State Street reports rise in Forex trading services revenues for Q2 2022
State Street Corporation (NYSE:STT) reported its second-quarter 2022 financial results today.
Foreign exchange trading services increased 16% compared to 2Q21, primarily reflecting higher FX spreads, partially offset by lower client FX volumes. Foreign exchange trading services decreased (8)% compared to 1Q22, mainly due to lower client FX volumes, partially offset by higher FX spreads.
Across all segments, fee revenue decreased (6)%, largely reflecting lower Servicing fees and Other fee revenue as well as the impact of currency translation, partially offset by higher FX trading services revenue.
Net interest income (NII) increased 25% compared to 2Q21, primarily driven by higher short and long term interest rates and growth in loan balances. Compared to 1Q22, NII increased 15%, mainly due to higher short and long term interest rates, partially offset by lower investment portfolio balances.
Other income decreased compared to 2Q21, reflecting the absence of a gain on sale of a majority interest in our Wealth Manager Services business in 2Q21.
CET1 ratio (standardized) increased 1.7% points compared to 2Q21, primarily driven by higher retained earnings, the issuance of $1.9 billion of common stock in 3Q21 to finance the proposed acquisition of BBH Investor Services and lower RWA, partially offset by lower AOCI. CET1 ratio (standardized) increased 1.0% point compared to 1Q22, primarily reflecting planned RWA reductions and management actions to reduce AOCI impact of the investment portfolio.
Tier 1 leverage ratio increased 0.8% point compared to 2Q21, primarily reflecting higher retained earnings and the issuance of $1.9 billion of common stock in 3Q21 to finance the proposed acquisition of BBH Investor Services, partially offset by lower AOCI. Tier 1 leverage ratio increased 0.1% point compared to 1Q22.

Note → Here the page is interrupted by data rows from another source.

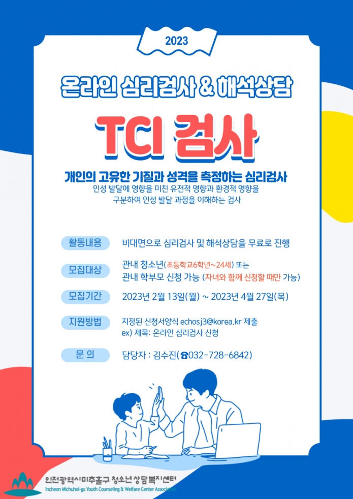 2023년 언택트 '무료 심리검사&해석상담(TCI검사:기질-성격)' 모집안내
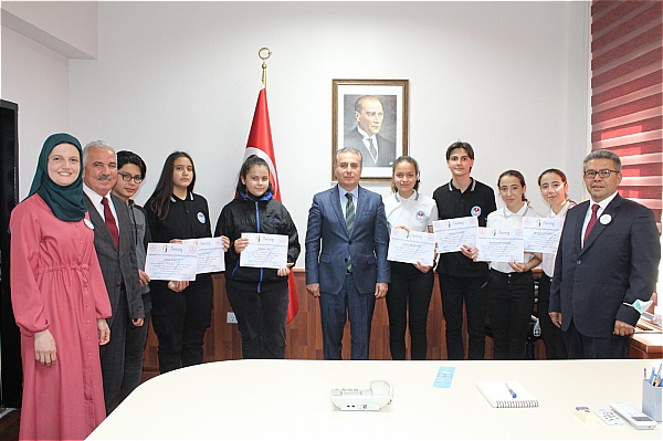 “TWINEDU COMPANY “ projesi eTwinning Türkiye özel ödülleri girişimcilik kategorisinde  Türkiye birincisi olan Şehit Şükrü Ünlü Ortaokulu öğrencileri, projeden sorumlu öğretmen Gülname Kayhan ve okul müdürü Yusuf Batkı Milli Eğitim Müdürü İlyas Mercan ile birlikte Kaymakam Bilal Bozdemir’i makamında ziyaret ederek birinci olmanın gururunu Kaymakam Bozdemir’le paylaştılar.
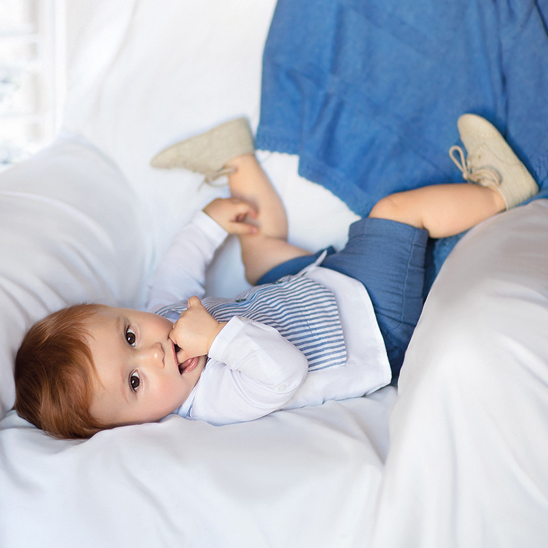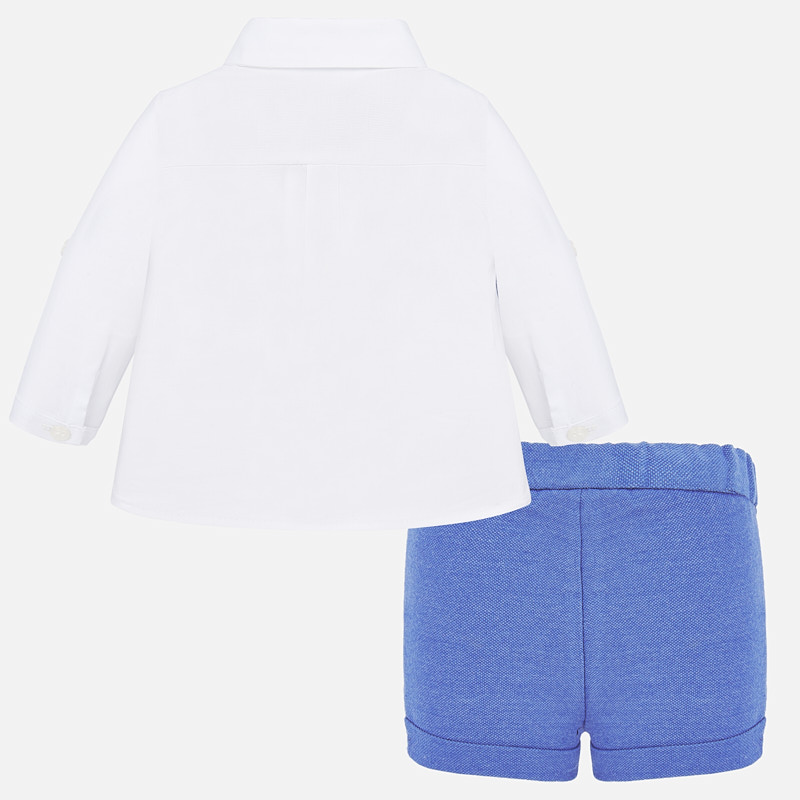 Short sleeved shirt with belt loop and a button on the side to roll the sleeve up and adjust the length. Shirt collar. Overlapping, non-detachable waistcoat. Button fastenings on the front. Made from fresh and contemporary fabric with linen. Mock, decorative front pockets. Striped pattern.

Ron O’Hanley, Chairman and Chief Executive Officer, commented:
“Our second-quarter results reflect the strength and durability of our business model as strong growth in net interest income and improved FX trading performance enabled us to partially offset significant fee revenue headwinds from weaker equity and fixed income markets. Operating expenses continued to be well-controlled as we remained committed to expense discipline, while managing inflationary pressures and investing back into our businesses, resulting in a healthy pre-tax margin for the quarter.”
O’Hanley added:
“Our capital ratios remain strong. The results of the recent supervisory stress test highlighted the strength of our balance sheet and capital position under stress. For the second year in a row, we are pleased to have announced a 10% increase to our common stock dividend and it remains our intention to reinitiate our existing common share repurchase program in the fourth quarter of 2022.”